DATA EXTRACTS:
****************

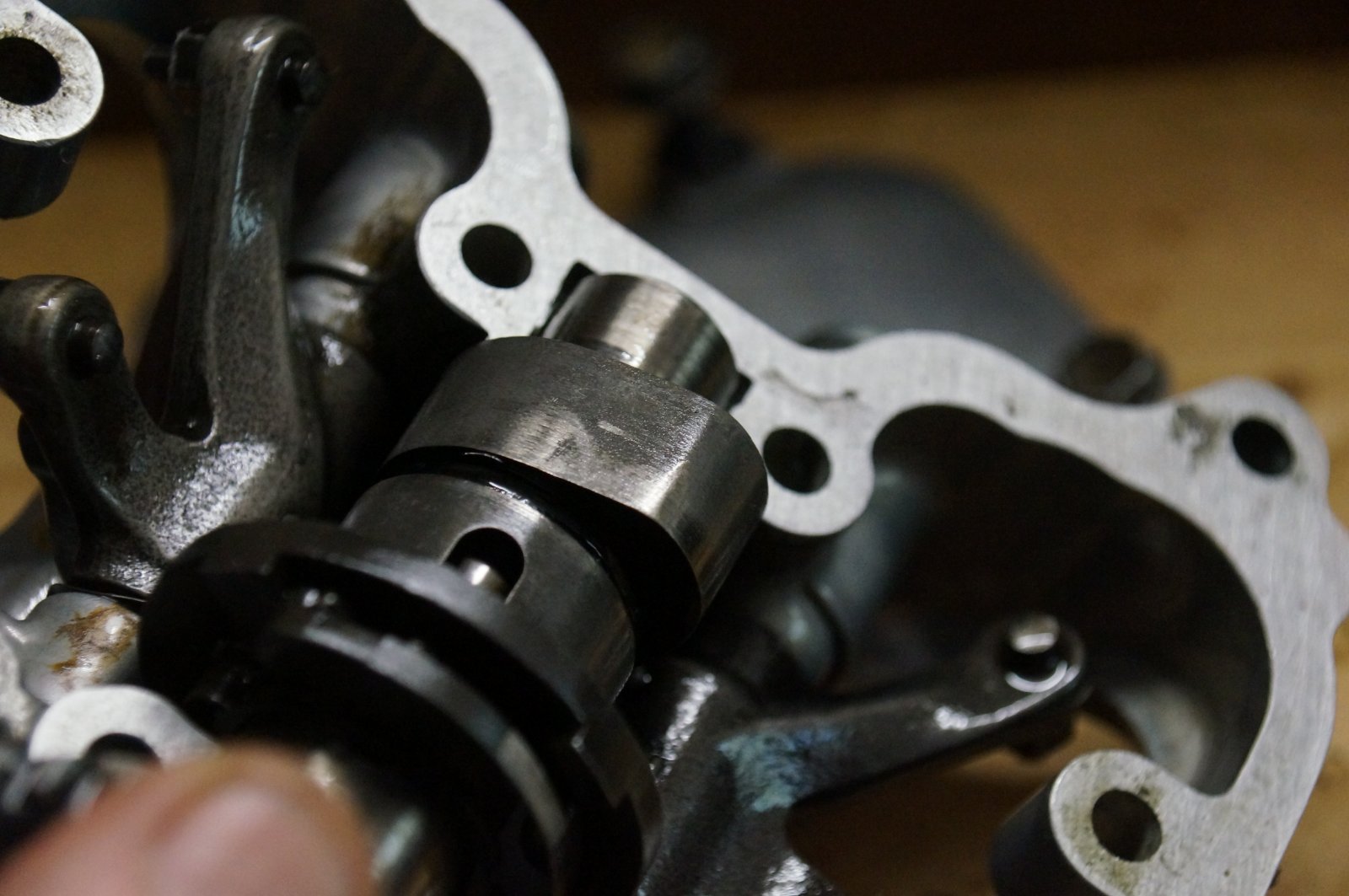 Also ist entweder der Kipphebel krumm oder schief geschliffen oder der Nocken. Dass die Kipphebelachse auf einmal schief ist, halte ich für ausgeschlossen.
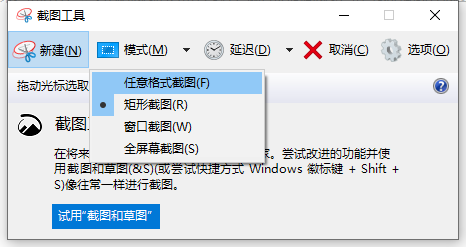 2、打开工具后,点击【新建】,可以选择不同的方式截图,然后就可以保存截图了。
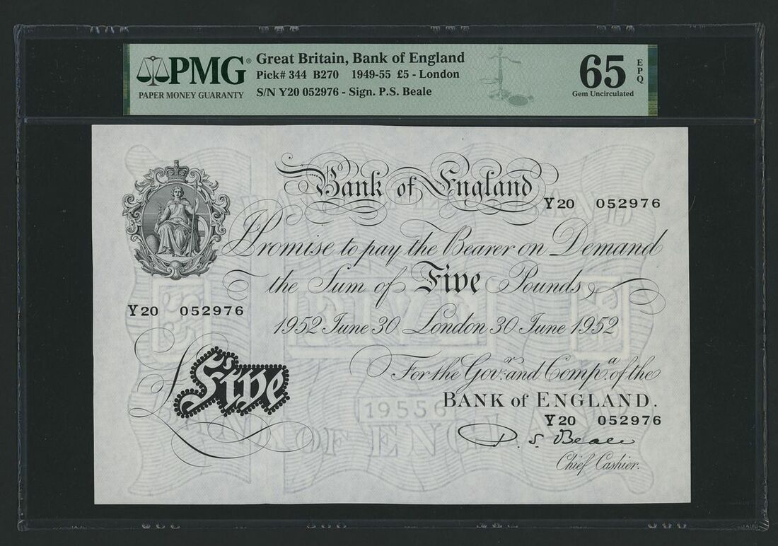 Bank of England, £5, London, 30th June 1952, serial number Y20 052976, P. S. Beale signature, (Pick 344, BNB 177, EPM 270), in PMG holder 65 EPQ Gem Uncirculated
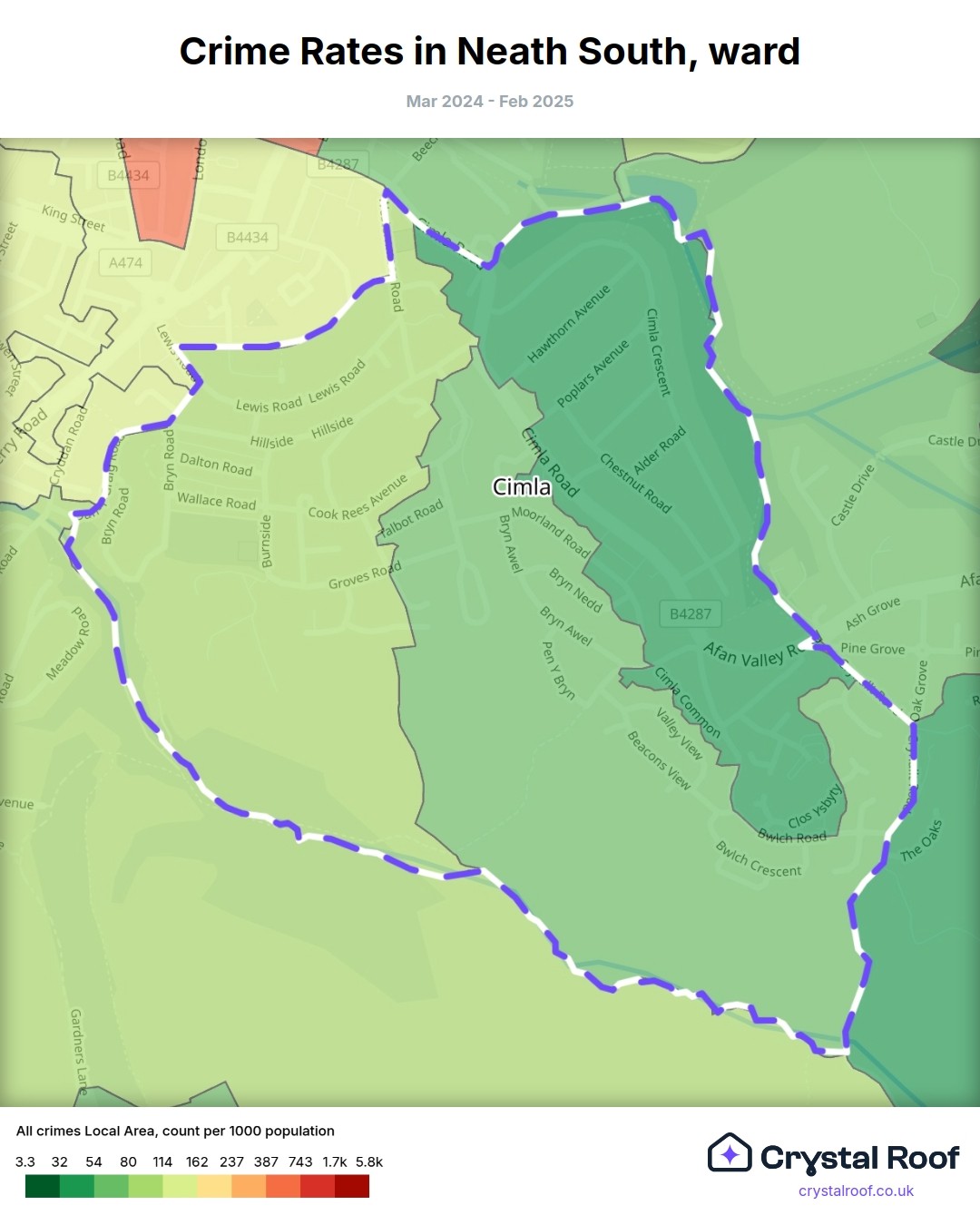 The figures in grey indicate the relative ratings of Neath South (ward) for a specific crime type compared to other wards in England and Wales.
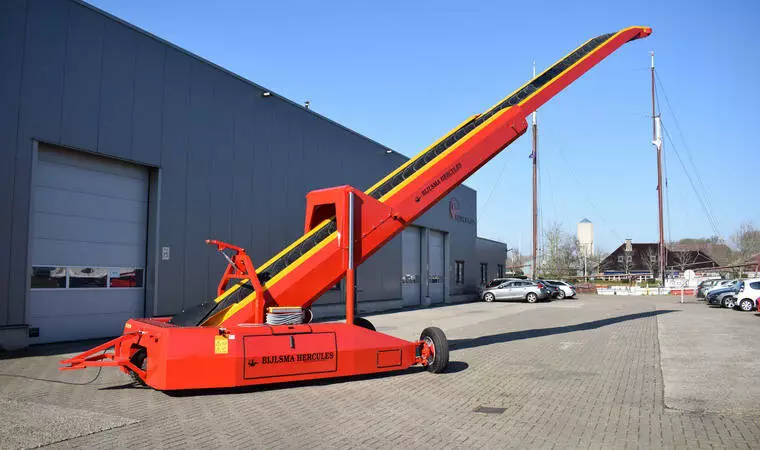 Складські буртоукладачі / навантажувачі Bijlsma Hercules серії BHV для закладання картоплі, цибулі в сховища при навальному способі зберігання продукції, сконструйовані таким чином, що всі компоненти надійно закриті та добре захищені від усіх зовнішніх впливів. Ці компоненти легко доступні для обслуговування при демонтажі захистних панелей, які легко знімаються.  Дана машина надзвичайно маневрена. Додатковою перевагою є те, що управління розташоване в противазі і не виступає за межі машини, тому жодні виступаючі  частини не рухаються вперед-назад під час повороту. BHV доступний довжиною 15, 17 і 19 метрів.
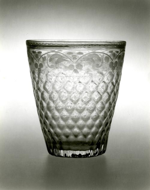 DescriptionPatterned with twenty-four pointed-arch flutes extending 1.8 cm (11/16 in.) above the base, seven rows of twenty-four elongated diamonds in the middle, and a plain area above. Blown in a mold, possibly a one-piece dip mold. Plain, slightly concave base. Traces of a partly rough pontil mark surrounded by rough-ground, unpolished area. Engraved with stone wheels with a band of stylized foliate motifs between a "squiggle" band at the rim and the top of the molded pattern.
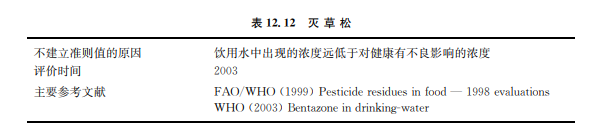 滅草松(CASNo.25057 89 0)是一種用于多種農(nóng)作物的廣譜除草劑。在土壤和水中 發(fā)生光降解作用,但在土壤中遷移性很強(qiáng),在環(huán)境中的持久性屬中等程度。曾有報(bào)道表明地 表水、地下水和飲用水中發(fā)現(xiàn)滅草松的濃度為數(shù)微克每升或更少。盡管滅草松在地下水中 存在并與水體有很高的親和性,但它在環(huán)境中似乎并沒有蓄積性。滅草松來自食物的暴露 量不會(huì)很高(見表12.12)。
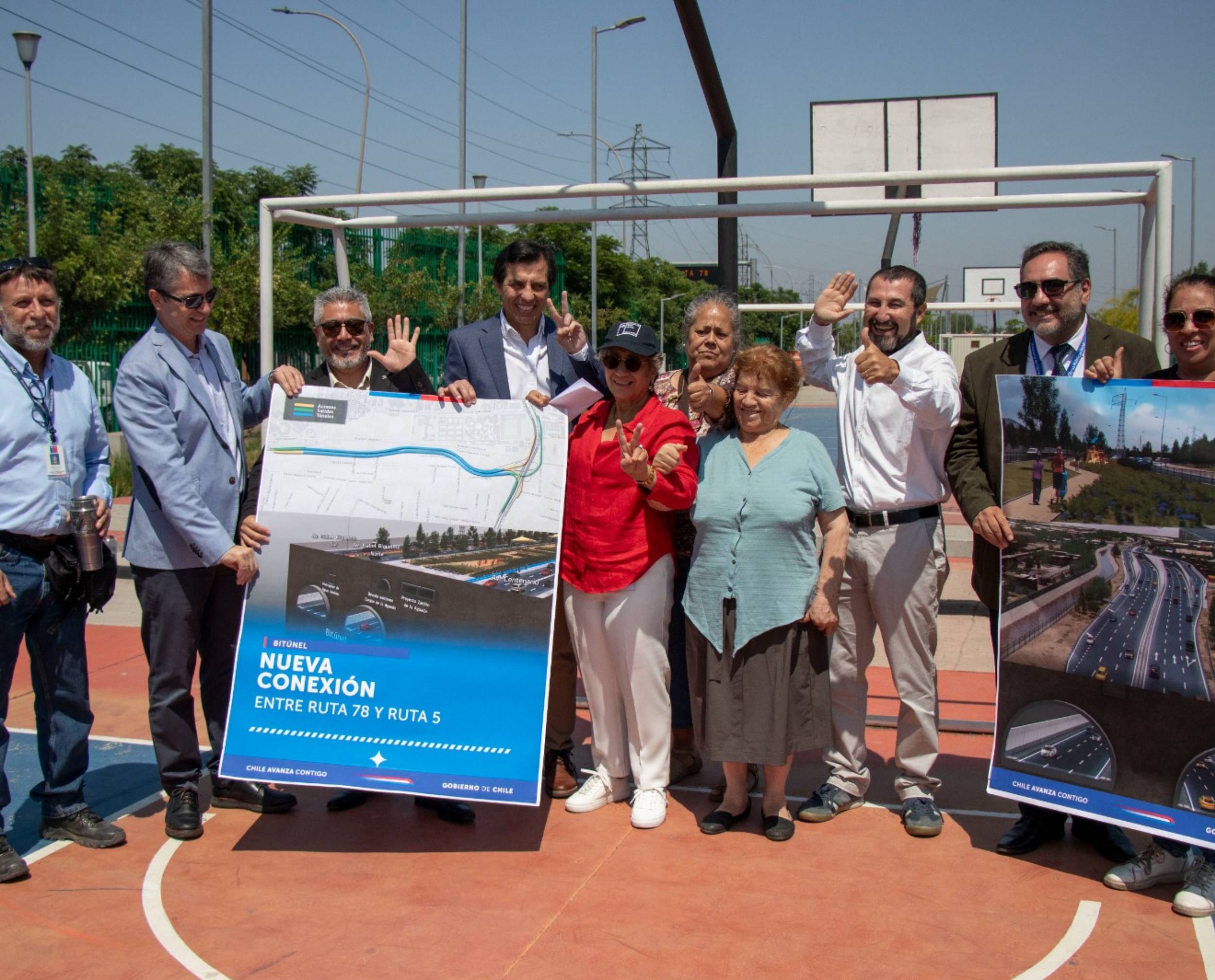La ministra de Obras Públicas, Jessica López, junto al alcalde de Pedro Aguirre Cerda, Luis Astudillo; el director general de Concesiones, Claudio Soto; y el gerente general de la Sociedad Concesionaria Autopista San Antonio – Santiago, Ruta 78, Luis Felipe García, se reunieron con vecinas, vecinos y dirigentes sociales para informar que el Ministerio de Obras Públicas ha iniciado la tramitación correspondiente para modificar el contrato vigente, con el fin de viabilizar una nueva infraestructura para el enlace entre la Ruta 78 y la Ruta 5.
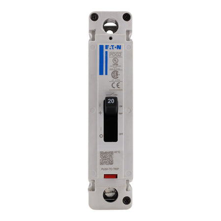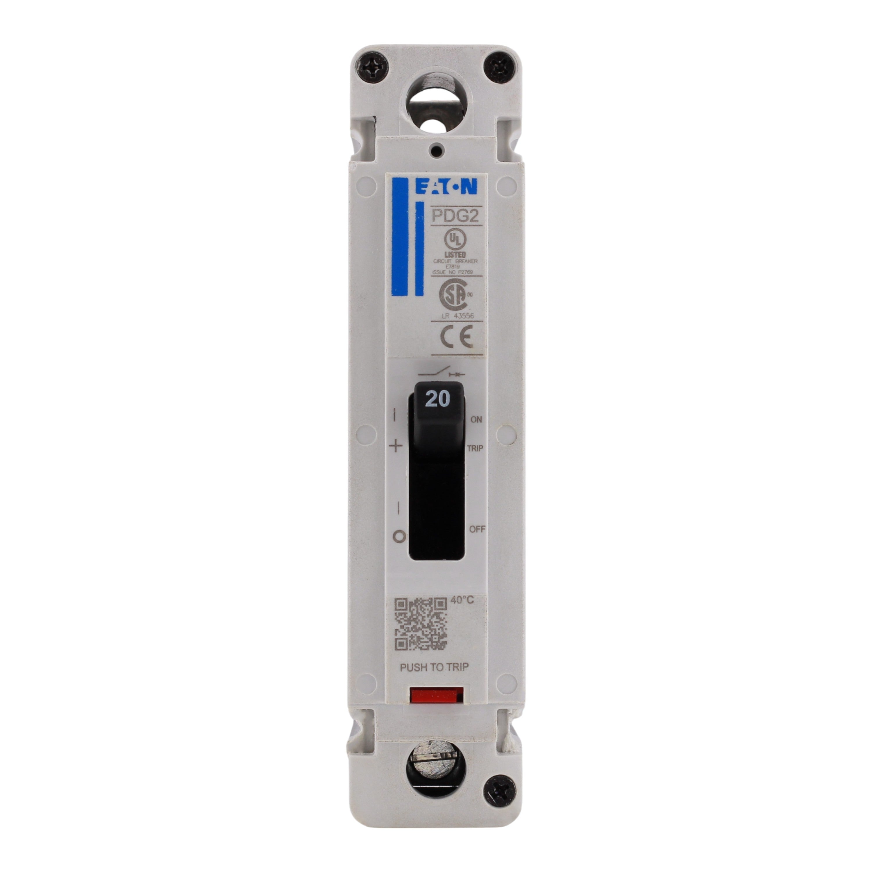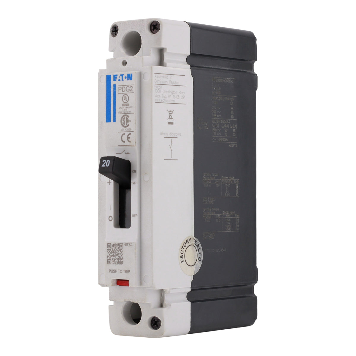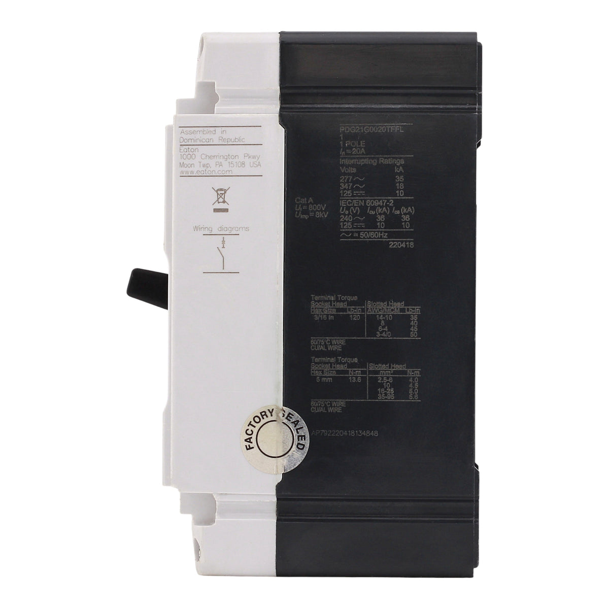 Eaton Power Defense PDG21G0020TFFL: 20 Amp 1-Pole Molded Case Circuit Breaker, Globally Rated Frame 2, 600 Vac, 35 kAIC at 480V, Fixed Thermal-Fixed Magnetic Trip, Standard Terminals Load Only, UL 489 Listed, IEC 60947-2, CSA Certified.
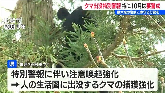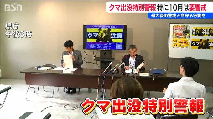 特別警報に伴う警戒強化期間は来月30日までで、県は注意喚起を強化するとともに、人の生活圏に出没するクマの捕獲も強化するということです。
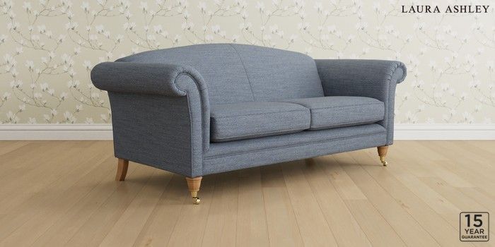 6.12.13 Buy Gloucester by Laura Ashley 3 Seater Sofa Harley Seaspray Blue Low Brass Castor - Light Oak from the Laura Ashley online shop Click here to use our website with more accessibility support, for example screen readers

****************

ASSIGNED TASK: Drop the pictures, then write out only the lines running from the one containing "La ministra de" through the last line above, both included, exactly.

SOLUTION TO THE PROBLEM:
La ministra de Obras Públicas, Jessica López, junto al alcalde de Pedro Aguirre Cerda, Luis Astudillo; el director general de Concesiones, Claudio Soto; y el gerente general de la Sociedad Concesionaria Autopista San Antonio – Santiago, Ruta 78, Luis Felipe García, se reunieron con vecinas, vecinos y dirigentes sociales para informar que el Ministerio de Obras Públicas ha iniciado la tramitación correspondiente para modificar el contrato vigente, con el fin de viabilizar una nueva infraestructura para el enlace entre la Ruta 78 y la Ruta 5.
 Eaton Power Defense PDG21G0020TFFL: 20 Amp 1-Pole Molded Case Circuit Breaker, Globally Rated Frame 2, 600 Vac, 35 kAIC at 480V, Fixed Thermal-Fixed Magnetic Trip, Standard Terminals Load Only, UL 489 Listed, IEC 60947-2, CSA Certified.
 特別警報に伴う警戒強化期間は来月30日までで、県は注意喚起を強化するとともに、人の生活圏に出没するクマの捕獲も強化するということです。
 6.12.13 Buy Gloucester by Laura Ashley 3 Seater Sofa Harley Seaspray Blue Low Brass Castor - Light Oak from the Laura Ashley online shop Click here to use our website with more accessibility support, for example screen readers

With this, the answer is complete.